Reckless and inadvertent: Reckless and inadvertent debt occurs when a team tries to produce the best code without the necessary knowledge to do so. The team is often unaware of the mistakes they’re making. `

So sometimes tech debt has its place. Prudent and deliberate can help you reach a deadline in scenarios where the stakes are low. But what about the other kinds of tech debt? Ideally we’d like to minimize those, and that relates to how supportive a development environment is.

Context, context, context

I have a core belief that people, in general, act accordingly to their context as opposed to intrinsic ‘goodness’ or ‘badness’. In other words most people aren’t ‘bad apples’ but even the ‘best apples’ will become inedible if you put them in a bowl of worms.

This applies very much to the workplace. Most people do the best work they can given the context. But some contexts are more supportive and conducive to good work than others.
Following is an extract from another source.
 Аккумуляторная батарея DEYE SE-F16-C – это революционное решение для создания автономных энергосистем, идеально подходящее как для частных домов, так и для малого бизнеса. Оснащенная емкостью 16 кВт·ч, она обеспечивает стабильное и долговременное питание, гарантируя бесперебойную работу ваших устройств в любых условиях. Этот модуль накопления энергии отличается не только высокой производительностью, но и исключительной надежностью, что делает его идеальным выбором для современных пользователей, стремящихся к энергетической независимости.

In my own work history, there are some contexts in which I felt I was very well supported and did great work given my skills at the time, and on the flip side, there were other contexts in which I felt my work was not as good as it could have been, not because I didn’t care (I cared just as much then as I do know), but that I just didn’t have the support or resources to do the work to the same quality it could have been.
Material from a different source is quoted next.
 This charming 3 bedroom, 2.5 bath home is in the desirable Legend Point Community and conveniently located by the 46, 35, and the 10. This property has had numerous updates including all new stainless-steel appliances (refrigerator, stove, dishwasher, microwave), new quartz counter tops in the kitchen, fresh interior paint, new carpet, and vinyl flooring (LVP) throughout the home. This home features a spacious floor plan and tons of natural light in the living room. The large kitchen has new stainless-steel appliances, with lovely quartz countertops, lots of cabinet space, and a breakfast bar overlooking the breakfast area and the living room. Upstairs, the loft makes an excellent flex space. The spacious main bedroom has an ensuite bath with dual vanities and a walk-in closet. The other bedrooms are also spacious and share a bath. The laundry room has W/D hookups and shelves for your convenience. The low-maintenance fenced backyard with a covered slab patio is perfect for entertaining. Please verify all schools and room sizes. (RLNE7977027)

In other words, I think data scientists, developers, and other “professional” folks make mistakes when they think that empathy isn’t an essential and valuable tool in the workplace. So how do we channel this empathy into creating a supportive work environment?

Supportive work environments for minimizing less than ideal kinds of tech debt

To optimize a project’s health we need to 1) Understand the goal of the project 2) Be able to implement the project and 3) Have time to do said implementation

  1. Understand the goal of the project
    1. Proper understanding of the problem – doing groundwork.
    2. Communicating and listening to the end user
  2. Be able to implement the project
    1. Support for training opportunities! Investing in young folks!
    2. Code review!
    3. Written knowledge/documentation
    4. Outsource to more knowledgeable people when you can!
  3. Have time to implement the said solutions
    1. Upfront costs can mean long term gains
    2. Do not take on more dishes than you can cook! – you are going to burn yourself or a dish.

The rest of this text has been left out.